Adams sorriu, ligeiramente.
— Mas não aconteceu nada, Marat. E isto, naturalmente, é o que importa. Aliás, é
verdade o que eu ouvi falar sobre vocês, apaixonados pelo caça submarina? Vocês não se
dão por vencidos, até finalmente pegar o peixe em questão...?
“Ah!”, pensou Marat. “Finalmente!”
— Hum! — resmungou ele.
— Bem... — disse Adams, lentamente — então dê um jeito para conseguir que
tenha este monstro marinho diante do seu arpão, antes que um outro venha e o mate no
seu lugar!
Jean-Pierre Marat fez uma cara como se não estivesse entendendo nada.
— Mas isso não é possível, sir! Eu tenho uma missão e também não posso pedir de
meu sócio, assim, sem mais nem menos, que ele sacrifique o seu tempo livre, só para que
eu possa ir à caça submarina.
— E para que, afinal? — perguntou Adams. — Eu vou alugar o barco, e nós dois
saímos para a pescaria.
Marat sacudiu a cabeça novamente.
— Eu não posso assumir essa responsabilidade, sir. O senhor sabe que eu tenho que
abandonar o barco, para caçar o Lamprotoxus de forma convencional. E eu não gostaria
de deixá-lo para trás novamente, sozinho. Isso nem sempre pode dar certo.
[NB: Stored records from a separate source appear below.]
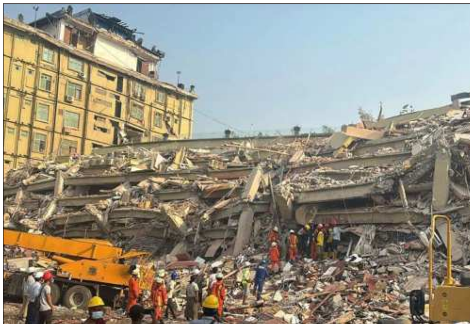
▲ Los expertos esperan que la cifra de decesos continúe creciendo en los próximos días.

Además de los 2 mil 56 fallecidos confirmados, hay más de 3 mil 900 heridos y 270 personas siguen manteniendo desaparecidas tras el sismo de 7.7 grados.
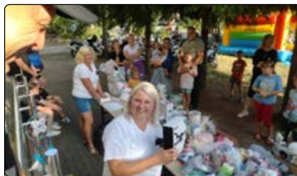
Licytacja pełną parą
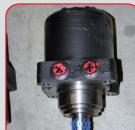
Verstärkte Radmotore bei Alpin
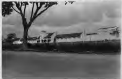
سجن مدينة (الخالع) ومع كونه سحيا فإنه يقع في بقعة من أحسن بقاع (الخالع)
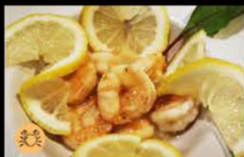
234. Gamberi* con limone 6.50€
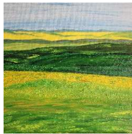
Campos en verdes 50x60 cm
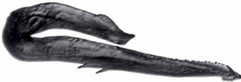
Ryc. 2. Aedeagus Aphrodes makarovi ZACHVATKIN, 1948

Polifag, higrofilny, zimuje w stadium jaja, jedna generacja w ciągu roku, gatunek europejski (NICKEL & REMANE 2002, GĘBICKI et al. 2013). Cechą charakterystyczną dla A. makarovi jest stosunkowo krótki aedeagus o wygiętym trzonie (przy widoku bocznym), którego wyrostki wyraźnie zachodzą na siebie (ryc. 2) (OSSIANNILSSON 1981).
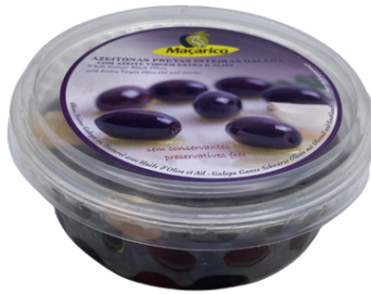
OLIVES NOIRES ENTIÈRES GALEGA AVEC HO ET A L'AIL BARQ.PLASTIQUE 150G
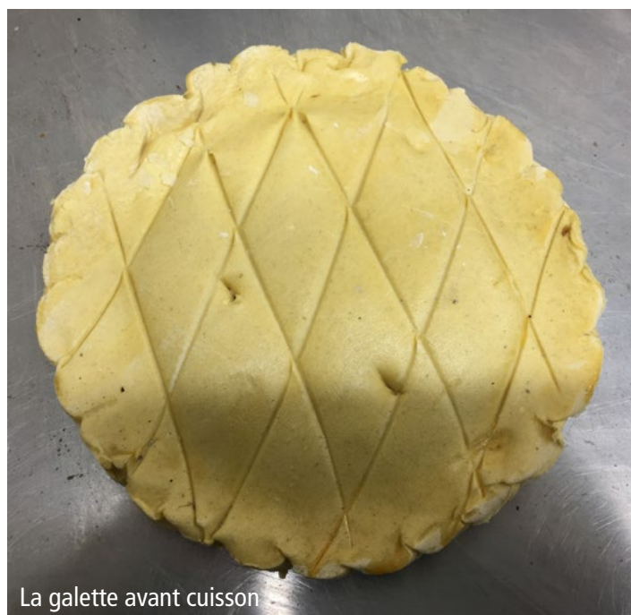
La galette avant cuisson

Après avoir placé la fève, je superpose les deux disques sans oublier de faire trois trous, qu'on appelle "les cheminées", dans la partie supérieure de mon portefeuille. C'est par là que la vapeur va pouvoir s'échapper, ce qui évitera qu'une bulle d'air se forme dans la galette.
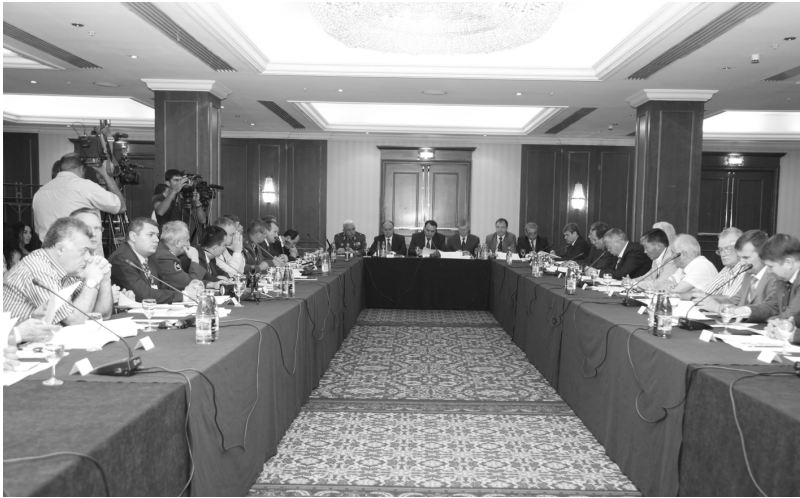
Общий вид церемонии открытия
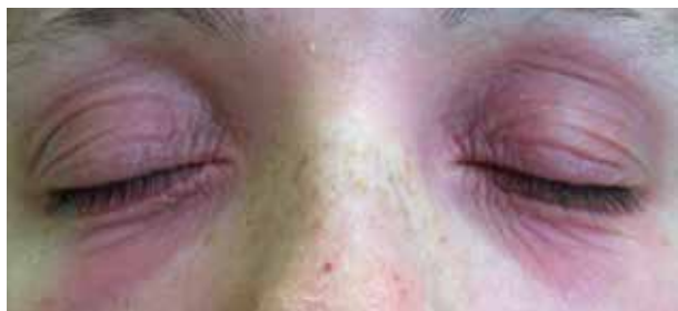
Obr. 1. Atopická dermatitida očních víček a obličeje

V Německu byly v letech 1999–2004 nejčastějším zdrojem relevantních kontaktních alergenů u ekzémů očních víček obličejové krémy, oční stíny, oční kapky a léky (31 %). Nejčastějšími ostatními alergeny s pozitivní reakcí pak byly vonné látky (parfémy mix I a Peru balzám), konzervancia (thiomersal) a léky (neomycin
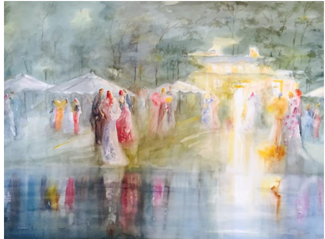
Fiesta en la noche

Acumula numerosos premios y distinciones, como la Medalla de Oro en el concurso internacional de Béziers Francia o la Medalla Reconocimiento a la labor cultural que le fue concedida por el Ayuntamiento de Alcobendas. Según los recibía los iba colocando en su estudio... ya no tiene más paredes o estanterías donde ubicarlos.
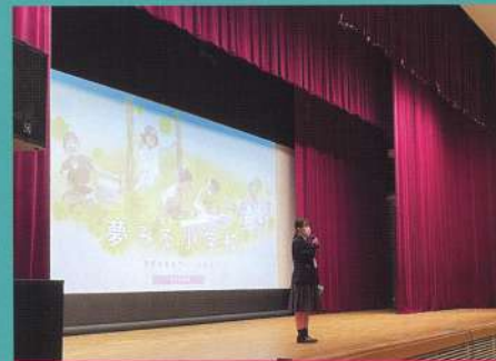
自分の興味ある探究学習
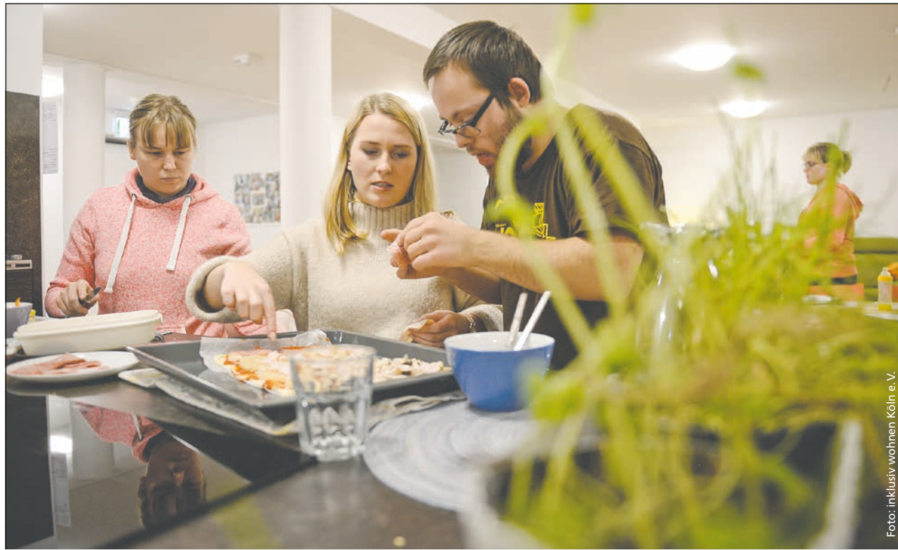
Gemeinsam gut zusammenleben: Studierende und Menschen mit Behinderung im neuen Wohnprojekt

Professionell, kreativ und innovativ – neues inklusives Wohnprojekt mit Vorbildcharakter
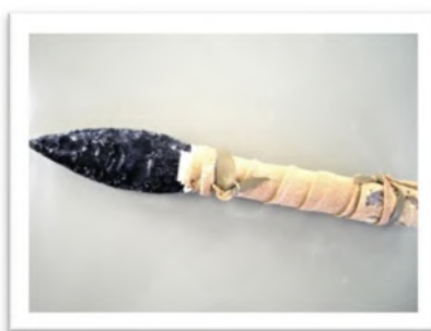
やりさきがた 槍先形尖頭器 (復元)
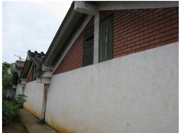
Figura 48 - Reservatório Semi - Enterrado Muquiçaba.
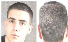
CORTE REGLAMENTARIO PARA LOS VARONES

NOTA: No se permiten el uso de botas a menos que sea por prescripción médica (ortopédica)
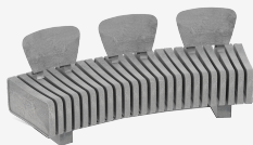
VERTEBRA CURVO R UM323R
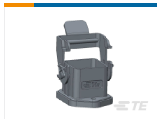
TE 产品编号 T1509030000-000 H3A-MAG
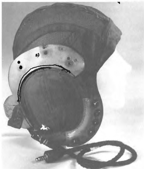
Casque d'aviateur des années 1950.

L'orientation ultérieure de l'étude dépendra dans une large mesure des résultats obtenus au cours de la première étape. Il est probable, toutefois, que nous examinerons de plus près l'influence que peut avoir la concentration du composé de magnésium sur les effets observés. La priorité sera accordée à l'étude des fibres qui se seront avérées sensibles aux sels alcalins pendant les expériences de la phase I. Nous envisageons également d'entreprendre des études similaires sur des procédés de désacidification non aqueux. •
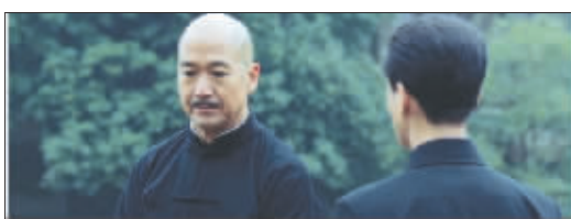
▲音乐台上“父子”对戏 ▲杜月笙(冯小刚)与蒋经国(陈坤)在东大老图书馆顶楼 ▶国民党在东大礼堂开大会
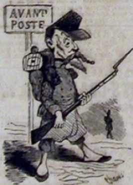
Une très position.
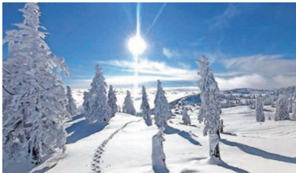
Velika planina in druga višje ležeča območja so se v letošnjem januarju pogosto sončila v pravi zimski idili.

»Občina Kamnik takšnega obiska ni pričakovala, je pa
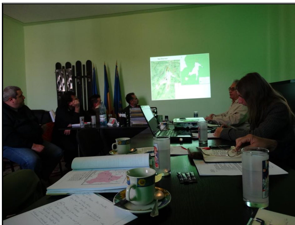
Biertan. Ședința de consultare pentru PUG, cu participarea COU. 16.04.2015
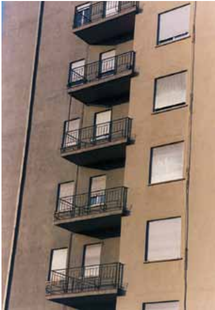
Territoire de l'abstraction - 2001
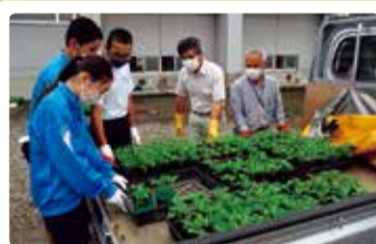
岡方中学校 岡方花の陣！～咲き誇れ 地域の絆～
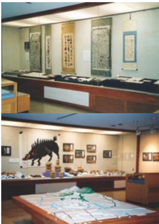
桜川市歴史民俗資料館の展示室(二階)の様
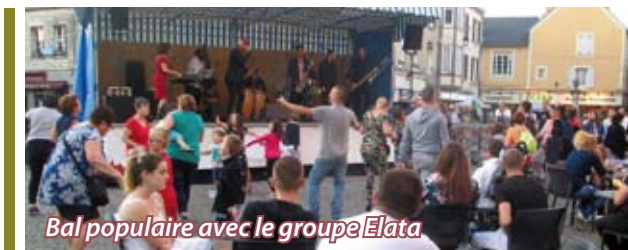
Bal populaire avec le groupe Elata
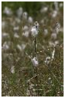
Schmalblättriges Wollgras - Eriophorum angustifolium Honck.
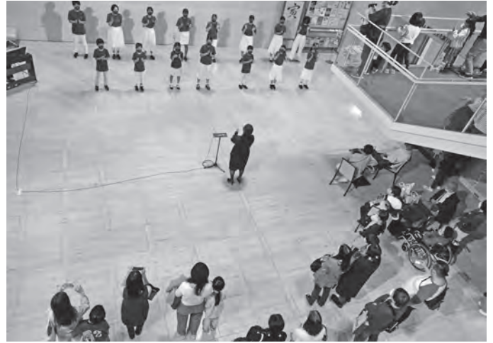
●メイシアター少年少女合唱団ロビーコンサート11/3

O Ministro das Finanças fez de conta que estava refletindo tensamente.
— Sabe de uma coisa? — perguntou ele depois de alguns minutos. — O senhor me
explica o controle manual da manobragem mais uma vez. Eu sempre fui conhecido por
minha facilidade de aprender as coisas. Desta vez eu aprendo, com toda certeza, como
manobrar o submarino sozinho.
Marat sacudiu a cabeça.
— Se o senhor acha...? — respondeu ele finalmente, mas ainda hesitante.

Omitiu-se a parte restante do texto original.